Enzi left church that Sunday in tears, entered a crowded Senate race with nine candidates in 1996 and came out on top.
Getting work done
During Enzi’s retirement announcement, he touched on several of the accomplishments he is most proud of.
Those include his first ever bill that was passed unanimously by the Senate that preserved property rights for Campbell County people who had coal-bed methane on their property. At the time, the federal government had decided methane was part of the coal and wanted royalties returned.
Enzi championed Sen. Ted Kennedy’s Needlestick Bill that promoted safer practices for discarding needles, secured abandoned mine money for Wyoming, improving mine safety, played a part in fixing No Child Left Behind and helped pass the Tax Cut and Jobs Act in 2017.

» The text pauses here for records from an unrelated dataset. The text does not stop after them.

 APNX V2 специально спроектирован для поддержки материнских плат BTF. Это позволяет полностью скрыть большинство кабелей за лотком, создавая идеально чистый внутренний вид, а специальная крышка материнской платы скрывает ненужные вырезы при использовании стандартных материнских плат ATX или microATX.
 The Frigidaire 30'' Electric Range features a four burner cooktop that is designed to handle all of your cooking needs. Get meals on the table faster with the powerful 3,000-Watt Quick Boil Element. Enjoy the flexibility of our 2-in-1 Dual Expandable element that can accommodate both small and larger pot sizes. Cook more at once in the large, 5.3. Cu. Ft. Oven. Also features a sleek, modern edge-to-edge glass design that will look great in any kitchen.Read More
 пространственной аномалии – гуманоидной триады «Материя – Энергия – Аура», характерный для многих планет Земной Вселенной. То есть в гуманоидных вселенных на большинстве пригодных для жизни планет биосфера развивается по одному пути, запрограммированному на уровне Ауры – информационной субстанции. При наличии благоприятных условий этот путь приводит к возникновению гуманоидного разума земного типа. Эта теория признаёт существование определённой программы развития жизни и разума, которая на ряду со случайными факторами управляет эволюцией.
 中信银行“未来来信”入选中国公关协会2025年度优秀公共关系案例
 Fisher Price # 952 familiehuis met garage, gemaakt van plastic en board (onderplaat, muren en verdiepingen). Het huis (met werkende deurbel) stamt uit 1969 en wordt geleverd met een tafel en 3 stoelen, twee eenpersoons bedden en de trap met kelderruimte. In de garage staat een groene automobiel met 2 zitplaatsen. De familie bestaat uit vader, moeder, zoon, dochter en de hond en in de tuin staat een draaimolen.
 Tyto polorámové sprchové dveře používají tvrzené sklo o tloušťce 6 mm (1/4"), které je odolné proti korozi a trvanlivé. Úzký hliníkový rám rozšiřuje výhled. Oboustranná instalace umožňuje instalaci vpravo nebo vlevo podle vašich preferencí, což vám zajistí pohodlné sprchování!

Enzi said Saturday that he didn’t want to distract himself with another campaign while focusing on budget reform, getting control of the national debt, and continuing work on several small business initiatives while protecting and diversifying Wyoming’s jobs.
“I don’t want to be burdened with the distractions of a campaign,” he said. “After this term I will find other ways to serve.”

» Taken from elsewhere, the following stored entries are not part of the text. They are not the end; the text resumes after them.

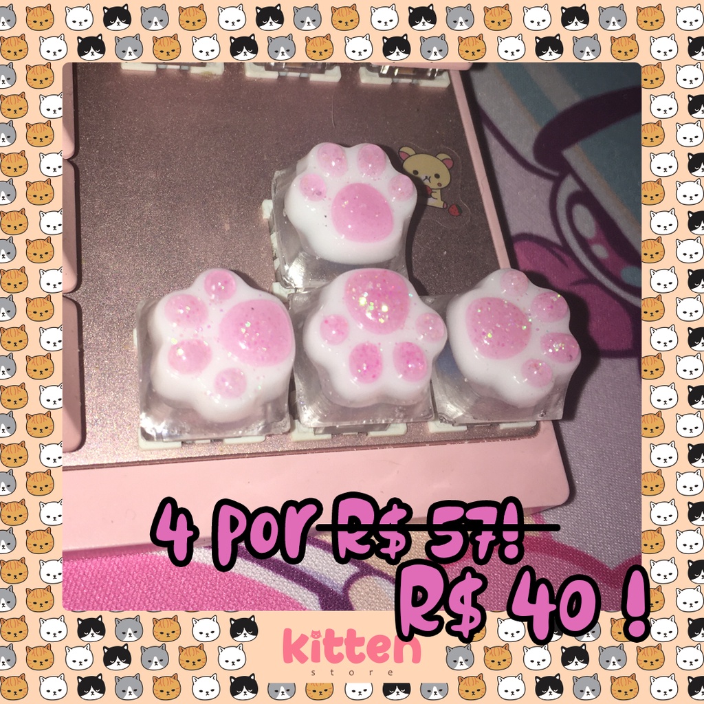 tecla de patinha para teclado mecânico keycap de gatinho/pata de gato setup kawaii fofo - Kitten Store
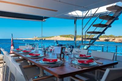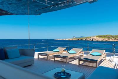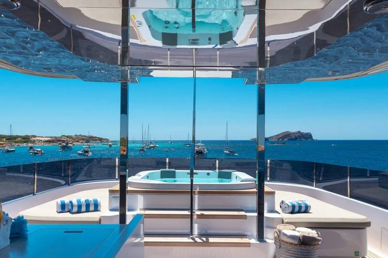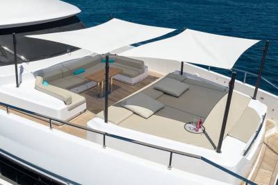 From bow sunpads to aft lounges and a sundeck with Jacuzzi, Acqua was built for outdoor living. The shaded upper deck dining space seats ten, while wide walkarounds and seamless glazing enhance the sense of space at every turn.
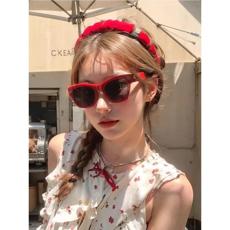 少女风覆古红色素颜百搭方圆脸显脸小法式抗UV太阳眼镜女款方形潮
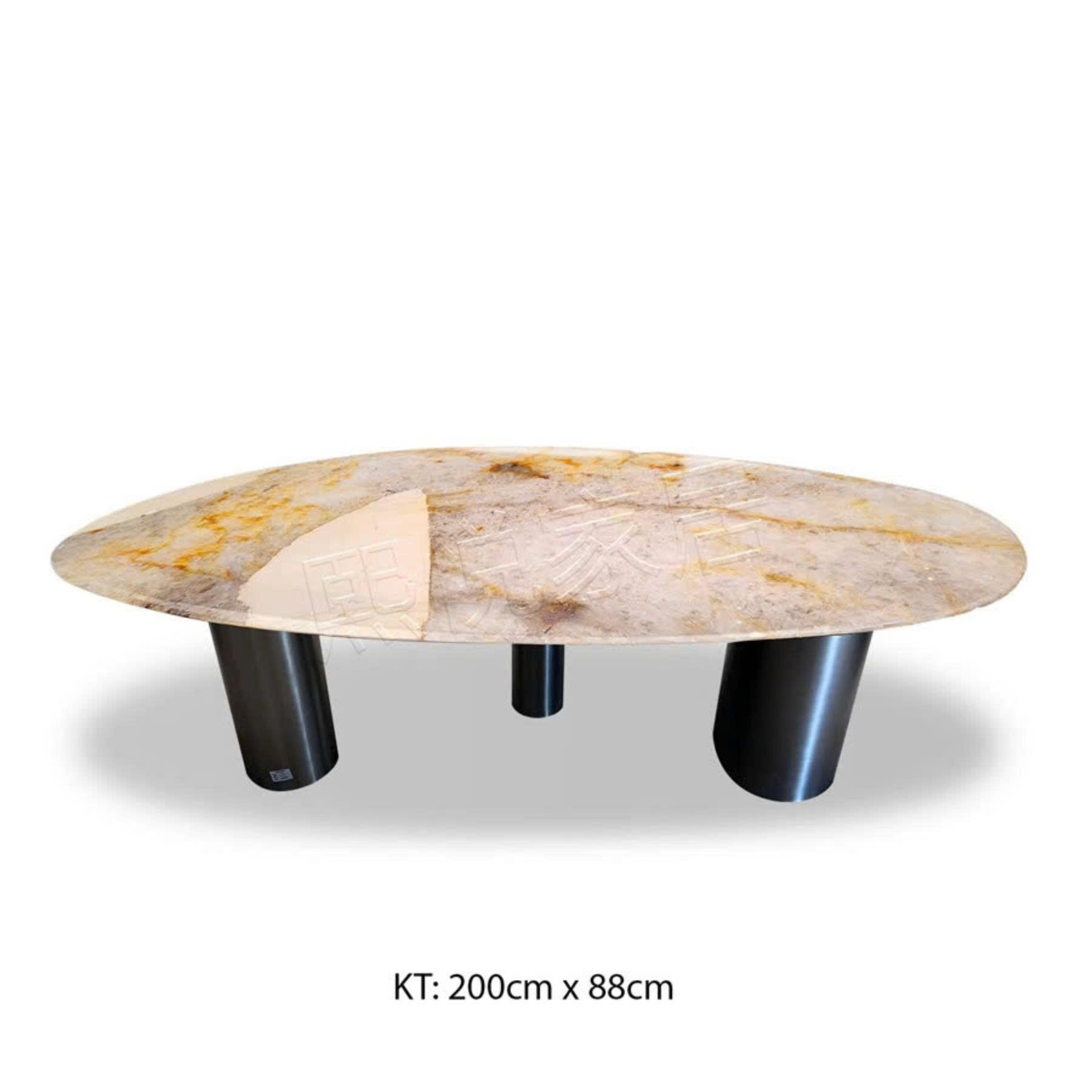 Mặt bàn thiết kế dạng oval (bo tròn hai đầu) với kích thước 200cm x 88cm, tạo cảm giác mềm mại và an toàn khi sử dụng.
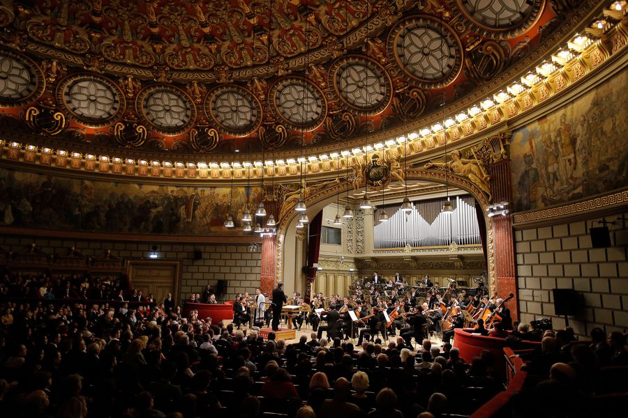 A concert of the China Philharmonic Orchestra, hosted by the Romanian Athenaeum, is held in Bucharest, capital of Romania, Jan. 20, 2020, as part of a series of cultural events to celebrate the upcoming Chinese New Year.(Photo by Cristian Cristel/Xinhua)
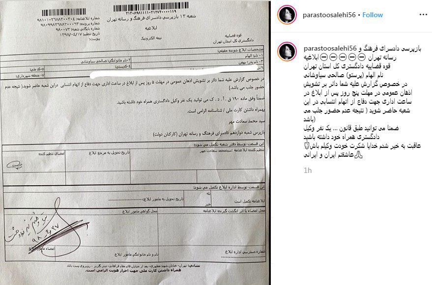 پرستو صالحی تصویری از احضاریهاش به دادگاه فرهنگ و رسانه را در صفحه شخصی خود منتشر کرد.
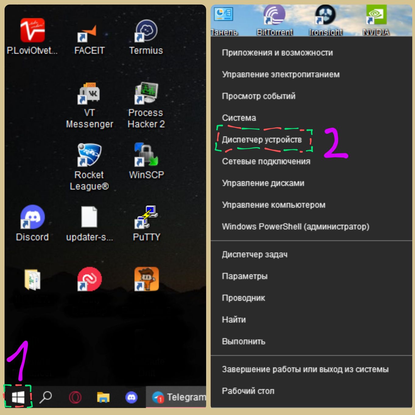 Нажимаем правой кнопкой мыши по иконке «Пуск»
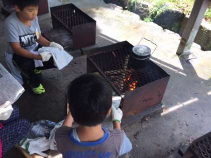 薪がしめっていることもあって、なかなか火がつかないグループもありました。これもいい経験です。こんな場合には、薪を乾かしながら火をつけることを学びました。
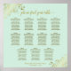 Ce tableau de 11 places est à la fois simple et élégant avec du texte doré sur un arrière - plan vert clair ou néo-menthe. Le design comporte un titre de calligraphie en dentelle avec un faux film décoratif dans les coins. Une façon élégante, chic et sophistiquée d'aider vos invités à trouver leur siège à votre réception de mariage. Il comprend l'assignation de table pour 110 personnes avec 10 places par table.
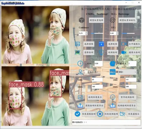 摘要:基于深度学习的高精度人脸口罩检测识别系统可用于日常生活中或野外来检测与定位人脸口罩目标,利用深度学习算法可实现图片、视频、摄像头等方式的人脸口罩目标检测识别,另外支持结果可视化与图片或视频检测结果的导出。本系统采用YOLOv5目标检测模型训练数据集,使用Pysdie6库来搭建页面展示系统,同时支持ONNX、PT等模型作为权重模型的输出。本系统支持的功能包括人脸口罩训练模型的导入、初始化;置信分与IOU阈值的调节、图像上传、检测、可视化结果展示、结果导出与结束检测;视频的上传、检测、可视化结果展示、结果导出与结束检测;摄像头的上传、检测、可视化结果展示与结束检测;已检测目标列表、位置信息;前向推理用时。另外本人脸口罩检测识别系统同时支持原始图像与检测结果图像的同时展示,原始视频与检测结果视频的同时展示。本博文提供了完整的Python代码和使用教程,适合新入门的朋友参考,完整代码资源文件请转至文末的下载链接。

Talking with a small group of reporters after his speech, Enzi said that he chose Gillette to announce his retirement because he wanted to end his run where it began.
He also joked how the old City Hall building from when he was mayor is now for sale at the corner of Gillette Avenue and Fourth Street.
Marjorie Rainwater, a longtime Gillette resident and old friend of Enzi’s, was the first person to get a seat for Saturday’s announcement. She remembers when she first met the senator. It was the first week she was living in Gillette in 1975.
She went to church and met Enzi.
“I was reading the newspapers that week trying to get myself acclimated with the town,” Rainwater said. “I recognized his name from the papers and asked him if he was related to the mayor.”
“As a matter of fact,” he told her, “I am the mayor.”
“He’s done such wonderful things for the city, this state and our country,” Rainwater said.
He’s moving on, but staying busy
Enzi said he and his staff have helped solve about 14,000 problems for Wyoming residents.
Enzi said he and Diana, who was visibly emotional throughout the morning, often travel 500 miles by car each weekend across the state when working over three-day weekends.
“We live out of a suitcase on both ends. I’m not complaining,” he said. “I chose the job and have always worked at a job and was taught to do a job so well that I would be proud to put my name on it.”
Enzi said that he still has a lot of work to do in the next year and a half. He will continue to work across party lines, help improve the national debt crisis and work on making life better and more prosperous for the people of Wyoming.
After 24 years, Enzi will finally get to do what he thought he would with his children.
“I was able to see my kids grow up before I went in the Senate,” he said. “Now I want some grandkid time.”
Grandkid time and retirement will surely include some hunting and fishing.